Amós le contestó: “Yo no soy profeta, ni pretendo serlo. Soy pastor y cultivador de
sicómoros; y Dios me sacó de en medio de los animales para que viniera a profetizar. Ahora
escucha lo que Dios te anuncia: tu mujer será ultrajada en medio de la ciudad; tus hijos e
hijas serán acuchillados; tu tierra será repartida a otros; tú morirás en tierra extranjera, y los
israelitas serán llevados prisioneros lejos” (7,10-17).

ECOS LEJANOS DE TERROR

A pesar de las amenazas del sacerote, Amós siguió profetizando un tiempo más, advirtiendo
a los israelitas que de nada servía asistir a los templos para las celebraciones religiosas si no
practicaban la justicia, la honestidad y la rectitud de vida. Fue entonces cuando recibió una
última visión: un devastador terremoto, seguido de una invasión militar (9,1-4). Y
comprendió que ya no había más nada que hacer. El fin estaba cerca. Abandonó pues el
reino de Israel y regresó a su patria, a sus tierras y a sus bueyes. Su carrera de profeta había
terminado.

Una tarde de verano del año 721 a.C., mientras el pastor de Técoa quizás cuidaba las ovejas
en la tranquilidad de su aldea natal, sintió los estruendos de una feroz invasión militar: eran
los asirios, que habían irrumpido en Samaria, habían destruido el reino y se llevaban
deportada a la población del país. Sus vaticinios finalmente se habían cumplido.

Nunca nadie, antes de Amós, había anunciado una catástrofe de tal envergadura contra el
pueblo de Israel. Por eso sus palabras causaron honda impresión entre los supervivientes,
que años más tarde decidieron recogerlas en un libro hoy conservado en la Biblia. Fue el
primer profeta de quien se guardaron sus oráculos.

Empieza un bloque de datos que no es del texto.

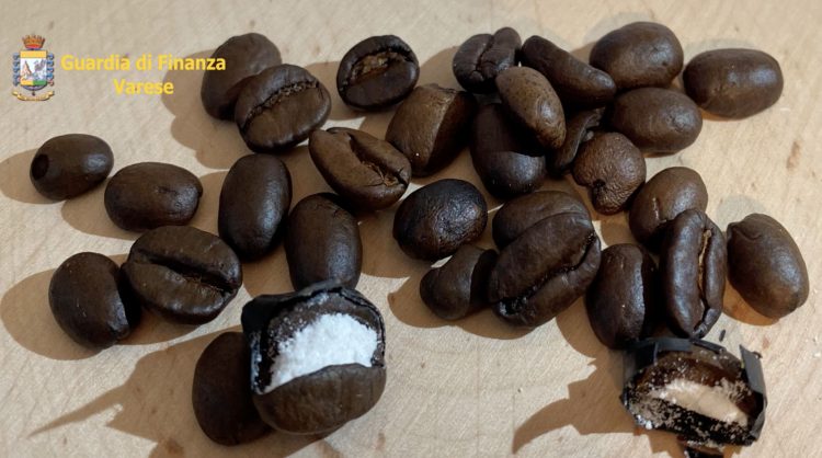 Inside the packaging was a 2-kilogram bag of fine Colombian coffee beans, one of the South-American country’s main exports. There was nothing suspicious about the contents at first glance, but a closer look revealed that some of the beans had slightly darker spots. After opening the bags for closer inspection, the officers of the Fiamme Gialle di Malpensa realized that those darker spots were discrete bits of adhesive tape.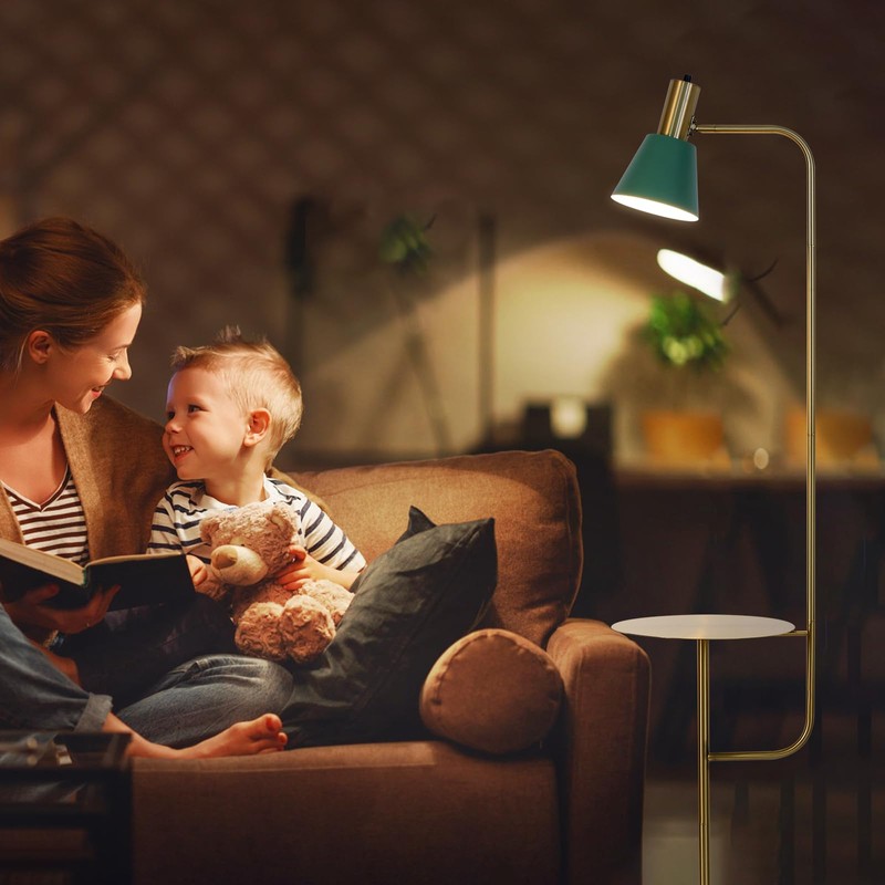 Hsyile Contemporary Modern Creative Floor Lamp with a Table,Suitable for Living Room,Den,Office,Bedroom - Standing Lamp Tall Floor Lamp - Brushed Brass Finish and Green Lampshade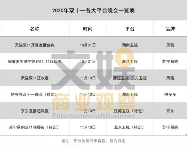 从2015年,天猫联合湖南卫视首创双十一晚会,开启中国电视史上首台电商晚会,到2019年,苏宁易购也加入了双十一战场,首度迎来了正面交锋,再到2020年,双十一主题晚会已经增至六台,竞争激烈的同时,同质化也逐渐严重。
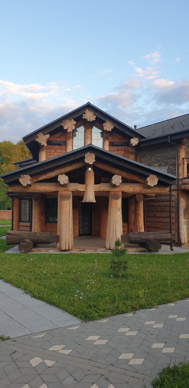 - Красивые деревянные интерьеры (брёвна, узоры).

El libro contiene 9 capítulos, con sus
sermones ordenados de la siguiente manera:

a) profecías contra los países vecinos de Israel, su primer sermón (c.1-2).

b) profecías contra Israel (c.3-6).

c) las cinco visiones que tuvo, más el relato del enfrentamiento con el sacerdote Amasías de
Betel (c.7-9).

d) para que el libro no resultara tan pesimista, siglos más tarde un autor anónimo le agregó
al final un apéndice esperanzador, anunciando la futura reconstrucción del reino, la
restauración del pueblo y la prosperidad de la tierra, perdida por la irresponsabilidad de sus
dirigentes (9,11-15).

VER LO QUE NO SE VE

Quien quiera conocer a un profeta debe leer a Amós. Porque aunque su carrera fue muy
corta, de apenas pocos meses, sin embargo fue el iniciador del profetismo escrito en Israel.

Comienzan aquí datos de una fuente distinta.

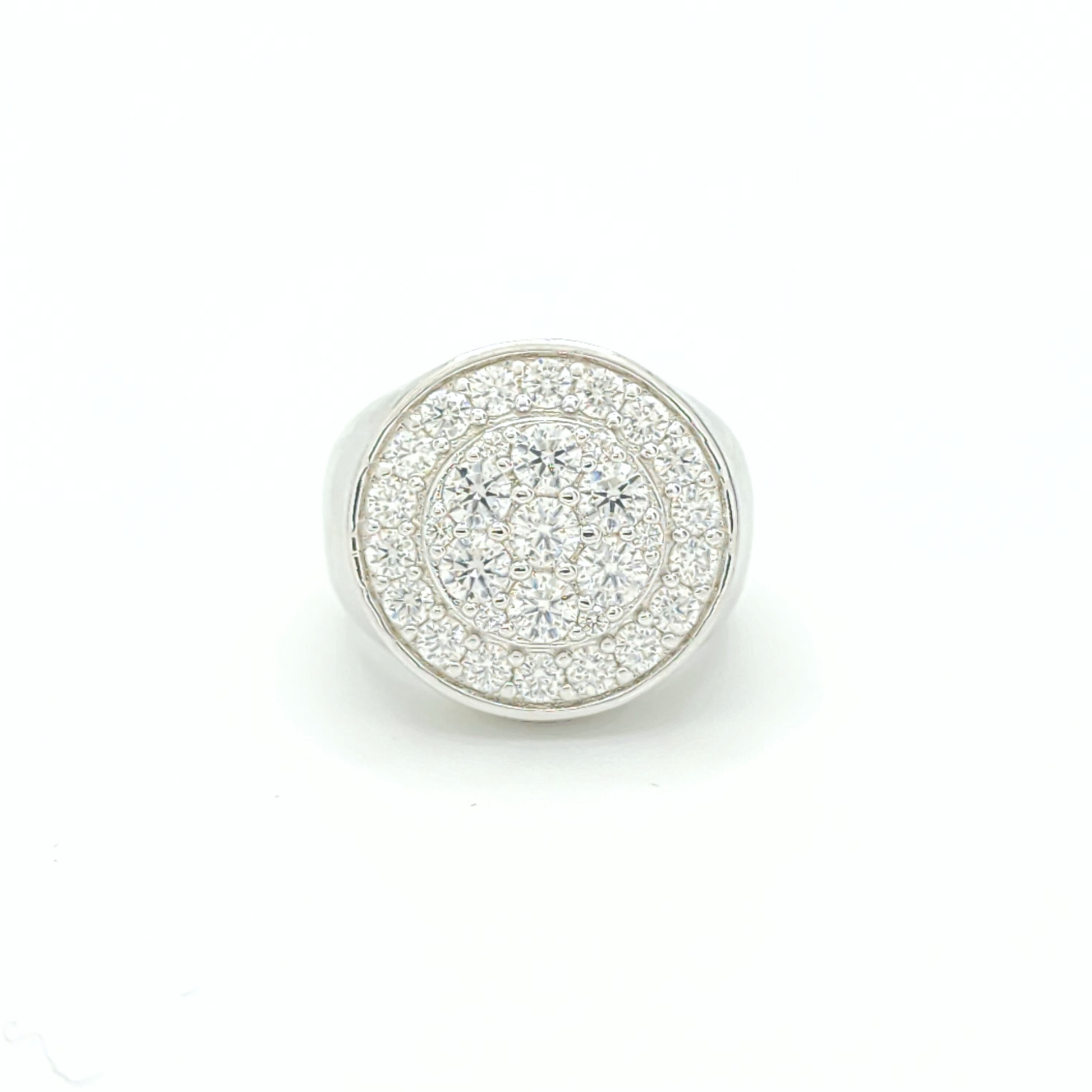 CollJewelry exclusive Moissanite Round Pavé Cluster Ring is now available, made of 925 sterling silver.

Es que Amós se había dado cuenta de la perversión que reinaba en el país. Había descubierto
que las injusticias sociales, la mentira institucionalizada, la indiferencia ante el sufrimiento
ajeno y la hipocresía religiosa habían carcomido los cimientos de la sociedad, y amenazaban
con tirar abajo la estructura ciudadana. Pero su audacia más grande no fue la de anunciar
semejante tragedia, sino de anunciarla cuando nada hacía preverlo. Cuando sólo se veía
prosperidad y estabilidad económica, en un reino que atravesaba los mejores años de su
historia.

Porque Amós tenía el don de ver donde nadie veía. De comprender, iluminado por Dios, que
las situaciones aparentemente favorables son falaces cuando están edificadas sobre la
pobreza de muchos y el martirio de los desheredados. Que no puede haber religiosidad sin
ética, y que no hay ética sin justicia social.